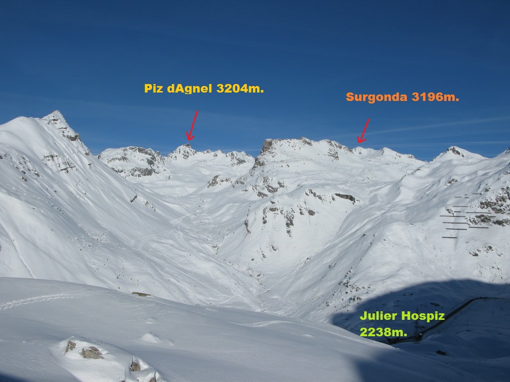 Oblasť okolo známeho zimného strediska St.Moritz ponúka obrovské možnosti na skialpinizmus. Veľkou výhodou je práve variabilita týchto možností. Dá sa tu naozaj vybrať túra v každom počasí a výhodou je, že aj v slabších zimách sa pri snehovej biede dá nájsť niečo pekné. Zatiaľ čo zima 2014/15 začína veľmi slabo, čo sa snehových podmienok týka tak práve oblasti okolo Julierpassu sa to akoby netýkalo. Na túry sa dá vyrážať od auta zaparkovaného na niektorom z parkovísk pri hlavnej ceste spájajúcej Engadin so Švajčiarskom. Tejto oblasti by sme mohli dať kľudne prívlastok tajný skialpový raj.
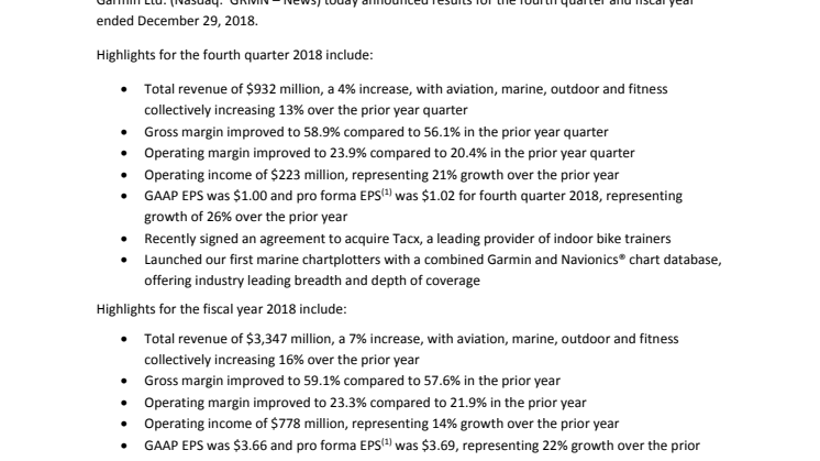 • Garmin erzielt 2018 erneut ein starkes Wachstumsjahr
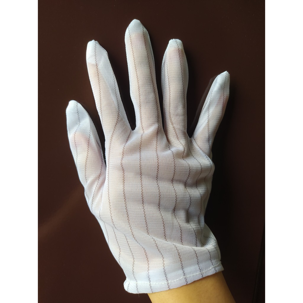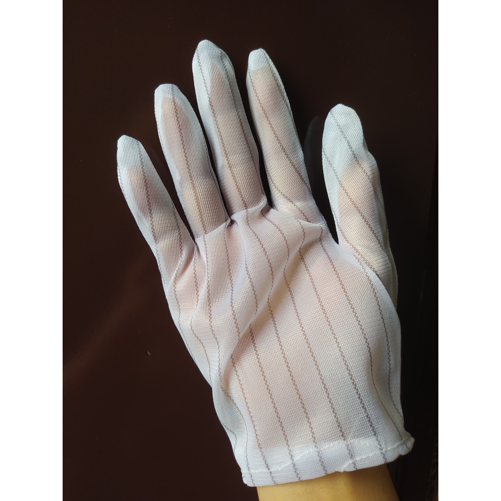 Găng tay sợi polyester sọc năm ngón chống tĩnh điện dùng cho phòng sạch, các ngành công nghiệp lắp rắp linh kiện psach
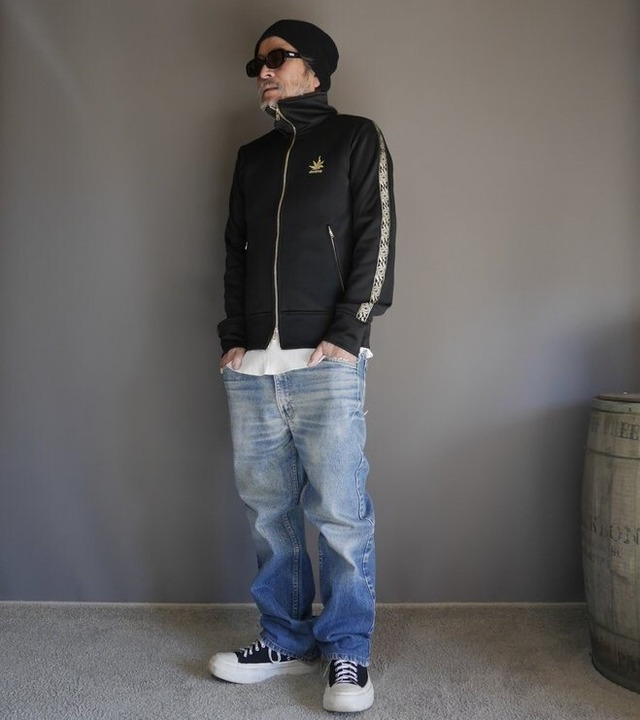 drestrip / HSJ-05 トラックジャケット ブランドの顔ともいえるトラックジャケット。 シンプルだけど一目で存在感がある一枚です。 サイドにはゴールドのデザインライン、胸元のロゴもアクセントになっていて、ブラックのボディにしっかり映える。スポーティな雰囲気を持ちながらも、カジュアルに着こなすだけでなく、街着としてワンランク上のスタイルに仕上がります。 素材はオリジナルで作り込まれたポリエステル生地。劣化が少なく長く愛用できるのも嬉しいポイント。まさに「カジュアルアップの究極」を体現したアイテムです。 Color BLK Material ポリエステル100% Size <2>肩幅42.5cm,身幅49.5cm,着丈64cm,袖丈64cm

====================

▸ Exercise details
Output the full listing above exactly, excluding all pictures.

▸ Answer below
 Oblasť okolo známeho zimného strediska St.Moritz ponúka obrovské možnosti na skialpinizmus. Veľkou výhodou je práve variabilita týchto možností. Dá sa tu naozaj vybrať túra v každom počasí a výhodou je, že aj v slabších zimách sa pri snehovej biede dá nájsť niečo pekné. Zatiaľ čo zima 2014/15 začína veľmi slabo, čo sa snehových podmienok týka tak práve oblasti okolo Julierpassu sa to akoby netýkalo. Na túry sa dá vyrážať od auta zaparkovaného na niektorom z parkovísk pri hlavnej ceste spájajúcej Engadin so Švajčiarskom. Tejto oblasti by sme mohli dať kľudne prívlastok tajný skialpový raj.
 • Garmin erzielt 2018 erneut ein starkes Wachstumsjahr
 Găng tay sợi polyester sọc năm ngón chống tĩnh điện dùng cho phòng sạch, các ngành công nghiệp lắp rắp linh kiện psach
 drestrip / HSJ-05 トラックジャケット ブランドの顔ともいえるトラックジャケット。 シンプルだけど一目で存在感がある一枚です。 サイドにはゴールドのデザインライン、胸元のロゴもアクセントになっていて、ブラックのボディにしっかり映える。スポーティな雰囲気を持ちながらも、カジュアルに着こなすだけでなく、街着としてワンランク上のスタイルに仕上がります。 素材はオリジナルで作り込まれたポリエステル生地。劣化が少なく長く愛用できるのも嬉しいポイント。まさに「カジュアルアップの究極」を体現したアイテムです。 Color BLK Material ポリエステル100% Size <2>肩幅42.5cm,身幅49.5cm,着丈64cm,袖丈64cm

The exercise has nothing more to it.